I'm trying to convert a traditional MySQL database to Cluster. I have
the SQL dump with about 2 million records and changed ENGINE=ndbcluster.
I have a 2 data node MySQL cluster on somewhat resource limited machines
(mainly the hard drives are slower). When I try to import the SQL dump,
sometimes the process aborts due to node failure and I see in the logs
that several heartbeats are missed, eventually leading to a data node
failure. During the import, when an LCP starts, disk I/O causes a heavy
load on the data node machines causing them to sometimes be slow to
respond. I think that is why the heartbeats are missed. This doesn't
ALWAYs happen, but has happened more than half the time.
The only way I can consistently get the SQL dump to import without
1) start up the cluster completely
2) shutdown one of the two data nodes
3) import the SQL dump
4) start up the data node that I shut down in #2
5) wait for the data nodes to sync up
In the above scenario with only one of the two data nodes, even if the
single data node is under heavy load due to disk I/O during LCP, there's
no node failure and hence the SQL import can continue without aborting.

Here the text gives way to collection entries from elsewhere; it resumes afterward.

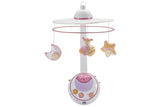 It is the first mobile specially designed to integrate with the Next2me cot and most wooden cradles. It promotes relaxation and helps babies sleep peacefully thanks to their melodies and soft night light.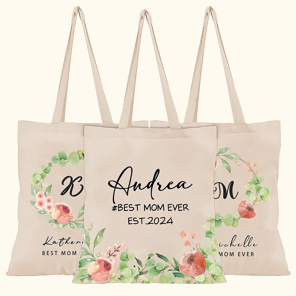 La bolsa de lona cuenta con tres diseños florales únicos para elegir, lo que permite la personalización con su nombre, iniciales, fecha especial o cualquier texto de su elección.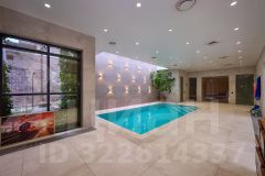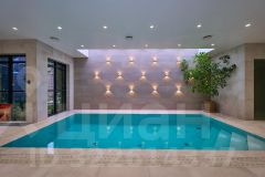 Из гостиной есть выход в крытую зону отдыха площадью 85 кв метров, где расположен бассейн с системой подогрева и рециркуляции, зона SPA с турецким хаммом и сауной.

If i leave both data nodes alive, there's a chance that one of the nodes
will fail during the import. And it seems a node failure will cause the
SQL import to abort.
Is my approach to the problem correct? Or, is there some configuration
problem that I should be addressing?
This concerns me because if the application needs to write an additional
1 million records at a time during production, does this mean I might
see node failures, resulting in an abort when the disk I/O load gets too
heavy? I know, the other solution is to get faster disks, but if that
wasn't an option, what can i do?